═══ Given information

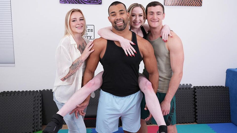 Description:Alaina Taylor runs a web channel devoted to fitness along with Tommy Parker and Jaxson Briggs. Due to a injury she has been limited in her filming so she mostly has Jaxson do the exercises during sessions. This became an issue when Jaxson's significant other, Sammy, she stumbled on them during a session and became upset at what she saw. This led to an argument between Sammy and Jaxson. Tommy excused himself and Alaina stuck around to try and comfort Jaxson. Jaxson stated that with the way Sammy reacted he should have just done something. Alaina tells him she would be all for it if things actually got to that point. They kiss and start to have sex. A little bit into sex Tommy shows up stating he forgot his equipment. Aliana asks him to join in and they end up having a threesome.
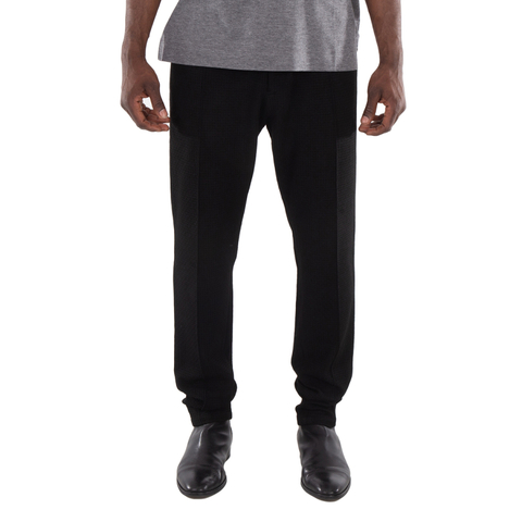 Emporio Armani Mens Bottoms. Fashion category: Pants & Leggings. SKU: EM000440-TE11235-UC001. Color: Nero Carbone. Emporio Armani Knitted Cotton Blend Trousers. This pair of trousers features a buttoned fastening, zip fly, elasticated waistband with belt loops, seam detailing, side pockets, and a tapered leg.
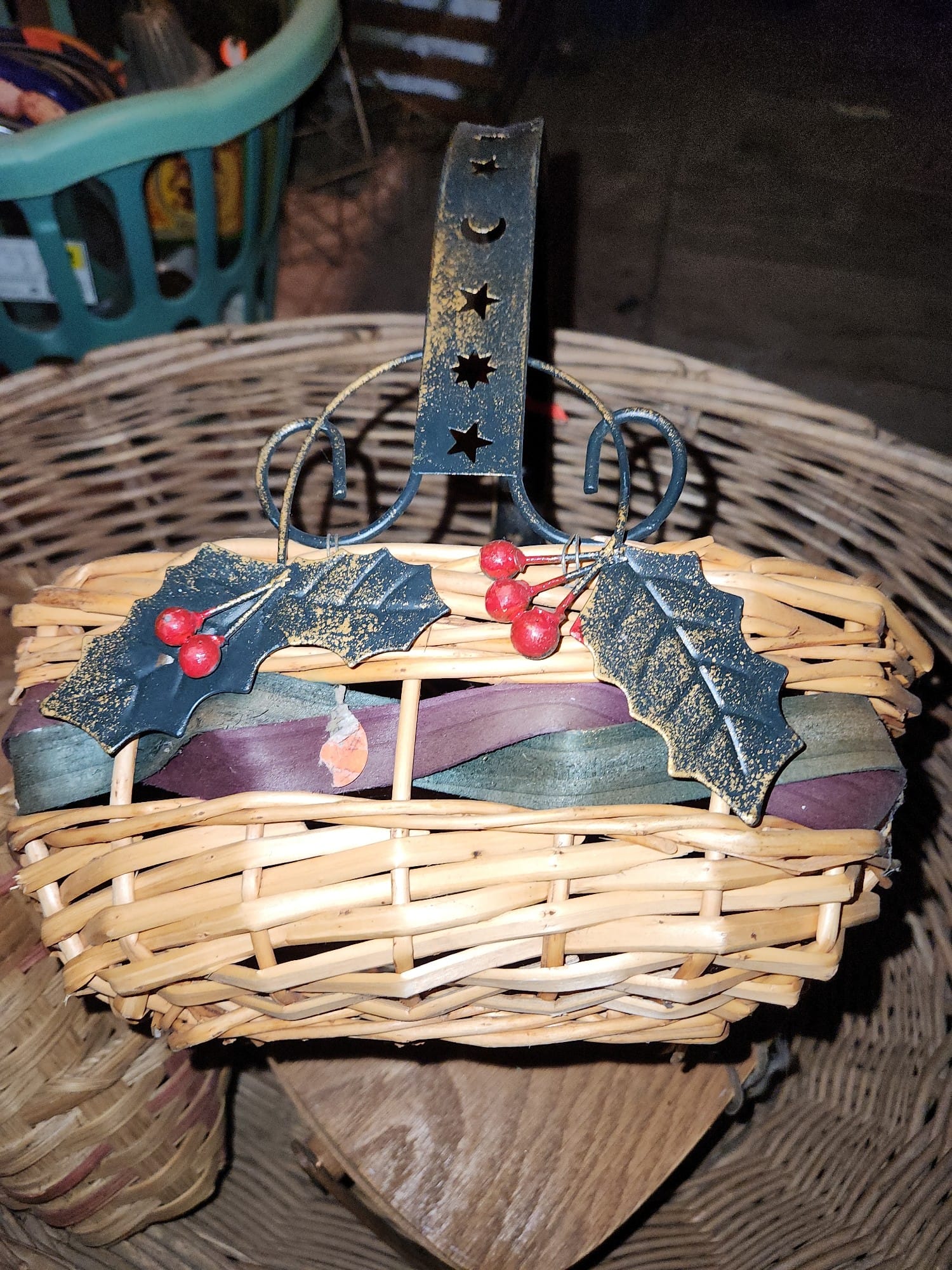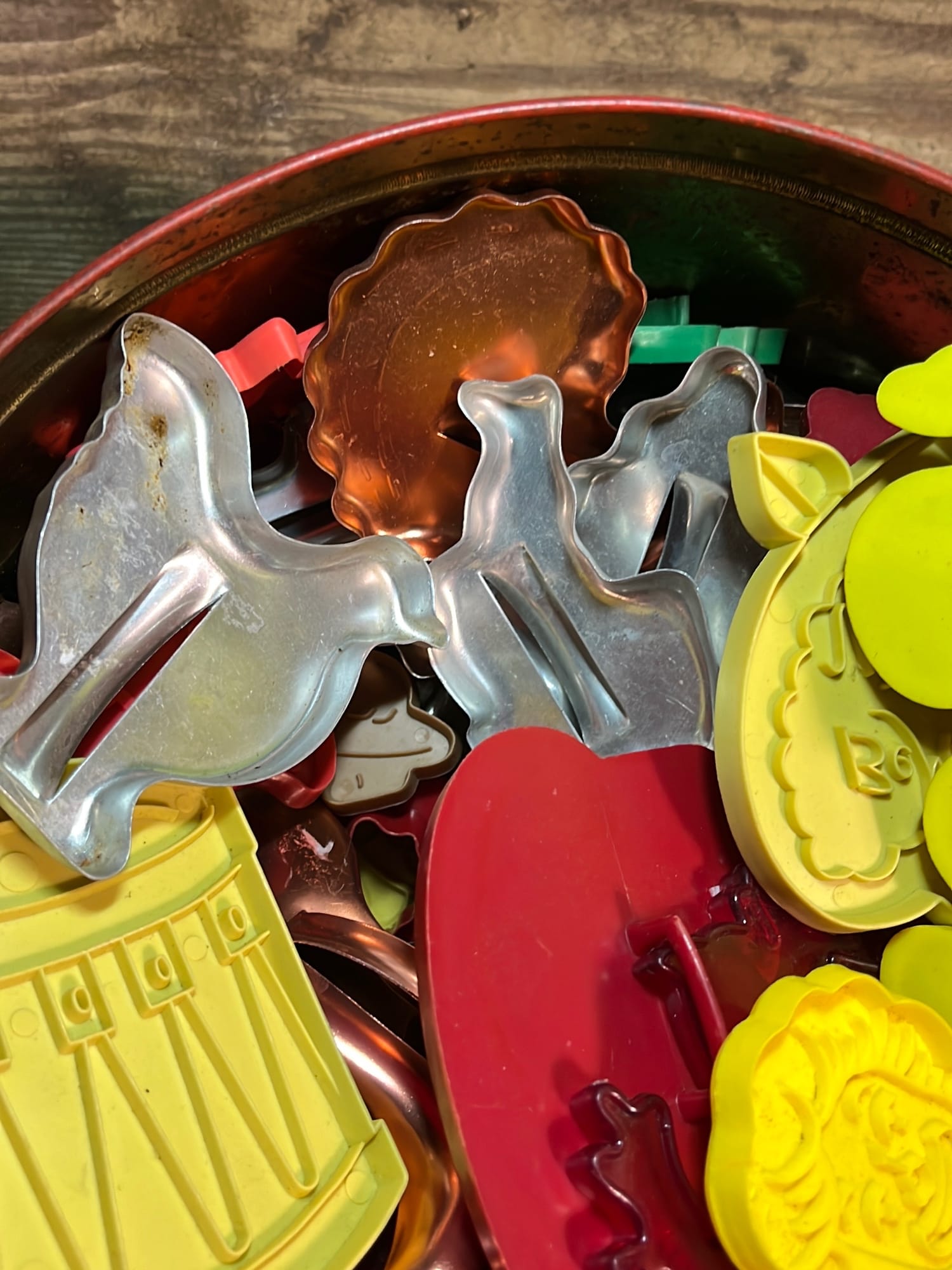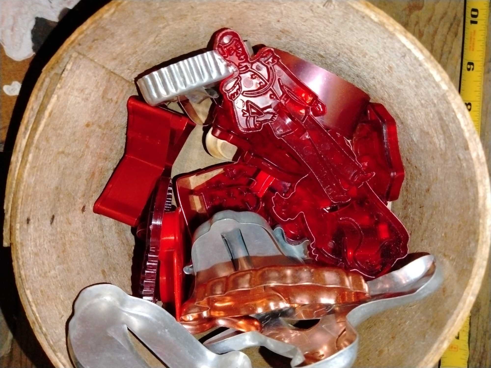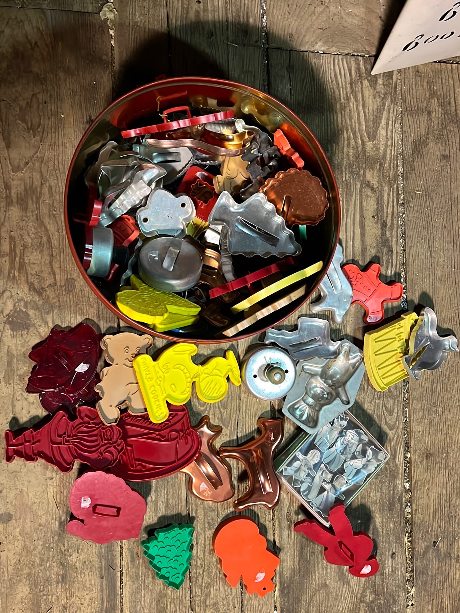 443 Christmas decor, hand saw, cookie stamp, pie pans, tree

══════

[The task]
Could you please return each line of the material exactly, dropping the pictures?

[Response to the exercise]
 Description:Alaina Taylor runs a web channel devoted to fitness along with Tommy Parker and Jaxson Briggs. Due to a injury she has been limited in her filming so she mostly has Jaxson do the exercises during sessions. This became an issue when Jaxson's significant other, Sammy, she stumbled on them during a session and became upset at what she saw. This led to an argument between Sammy and Jaxson. Tommy excused himself and Alaina stuck around to try and comfort Jaxson. Jaxson stated that with the way Sammy reacted he should have just done something. Alaina tells him she would be all for it if things actually got to that point. They kiss and start to have sex. A little bit into sex Tommy shows up stating he forgot his equipment. Aliana asks him to join in and they end up having a threesome.
 Emporio Armani Mens Bottoms. Fashion category: Pants & Leggings. SKU: EM000440-TE11235-UC001. Color: Nero Carbone. Emporio Armani Knitted Cotton Blend Trousers. This pair of trousers features a buttoned fastening, zip fly, elasticated waistband with belt loops, seam detailing, side pockets, and a tapered leg.
 443 Christmas decor, hand saw, cookie stamp, pie pans, tree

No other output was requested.